“The strongest raw material headwinds we face today can be grouped into four categories,” says Michael Podd, chief procurement officer of Flint Group’s CPS Inks division:
- The U.S. tariffs against China: “These tariffs affect a number of key materials used in printing inks,” Podd said. The recently imposed tariffs are 10% effective immediately, and will increase to 25% in January;
- Increased freight costs: “The trucking industry has faced driver shortages for years,” Podd said. “The situation has worsened over time and is exacerbated now by equipment shortages and increased fuel costs. All modes of transportation have increased in cost;”

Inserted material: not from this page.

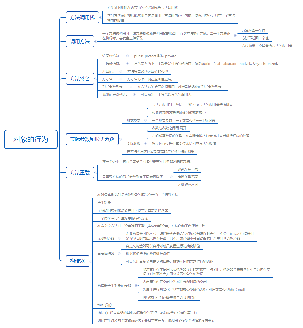 对象的行为:方法调用栈、方法被调用时在内存中的位置被称为方法调用栈、学习了方法调用栈后能够明白方法调用方法时内存中的执行过程及变化,使我们对方法有进一步的了解、当方法被调用时,其位于方法栈顶端。调用方法:调用方法就是使用方法、当一个方法正在执行时,可能会发生三件事:1方法返回一个值、2方法不返回一个值、3方法抛出一个异常给方法的调用者.控制流程都会跳转给方法的调用者。方法标签:方法标签中包括:方法名、参数列表、返回值的数据类型等。通过方法标签我们可以了解到调用一个方法时所需知道的一切。访问修饰符和可选修饰符的次序是随意的、Java中可以从方法的返回中返回任何类型的数据。方法在调用时,数据可以通过该方法的调用者传递进来、传递进来的数据被赋值到形式参数中、一个形式参数由:一个数据类型+一个标识符、参数与参数之间由,隔开。形式参数:一个方法中包含一个形式参数的列表用于声明传递到方法中的数据的类型。实际参数:调用方法时传递给方法中形式参数的数据称为实际参数、用于传递给方法具体的数值、在方法调用之间复制数据的过程称为按值调用、传递的不是对象本身,而是对象的引用。方法重载:在一个类中,有两个或多个同名但是有不同参数列表的方法。只需要方法的形式参数列表不同就可以了。参数个数不同、参数类型不同、参数顺序不同。构造器:在对象实例化时,初始化对象的成员变量的一个特殊方法。了解构造器的原理,从而了解如何实例化对象并且可以学会自定义构造器。当对象使用new关键字实例化时,JVM为对象分配内存,并初始化,以保证对象的数据有意义。默认构造器:最常用的构造器、每一个类都会拥有一个默认的构造器,方便用户进行对象的初始化、规则:1构造器的名称与类名相同、2没有返回值、3默认构造器不包含任何语句、4默认构造器中没有任何的参数,也不做任何事情。如果我们自己定义了一个构造器,编译器将不会添加默认构造器。自定义构造器:利用重载的思想进行自定义构造器定义。用处:自定义构造器可以自行对成员变量进行初始化赋值。根据我们传递的数值进行赋值。可以运用重载多自定义构造器,根据不同的需求进行初始化。构造器的结构与方法不同:构造器的成名必须与类型相同。构造器不能声明返回值,也不能返回void。构造器分为有参构造和无参构造。构造器的使用:1构造器初始化时需搭配new关键字一起使用、2当一个对象使用关键字new实例化时,构造器就被调用了、3调用后进行相应的初始化、在构造器中,可以使用关键字this来调用其它的构造器。在构造器中使用this关键字有所不同:this必须放在最前面、构造器中this代表使用构造器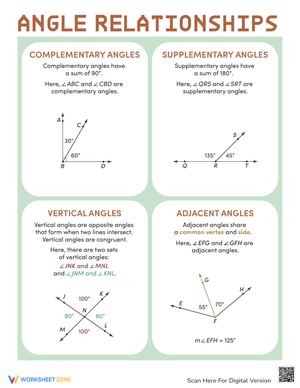 Learn about angle relationships with this comprehensive handout! Understand complementary, supplementary, and vertical angles. Download now for effective learning!

- Increased costs of raw materials, including crude: “Recent increases in crude costs have caused many raw material costs to rise significantly. Carbon black, pigments oils and solvents are just some of the materials impacted by this situation,” Podd said;
- European REACH regulations: The recent reclassification of certain energy-curable-related materials has, Podd explained, led “suppliers in Europe and beyond to look for alternative materials. Unfortunately, the alternative materials come at a much higher cost.”
“Flint Group will work closely with our customers to manage through this price increase and to benefit from our preferred status with suppliers, which makes Flint Group best positioned to meet customer needs without sacrificing quality,” said Mike Green, VP of sales for Flint Group’s North America offset inks.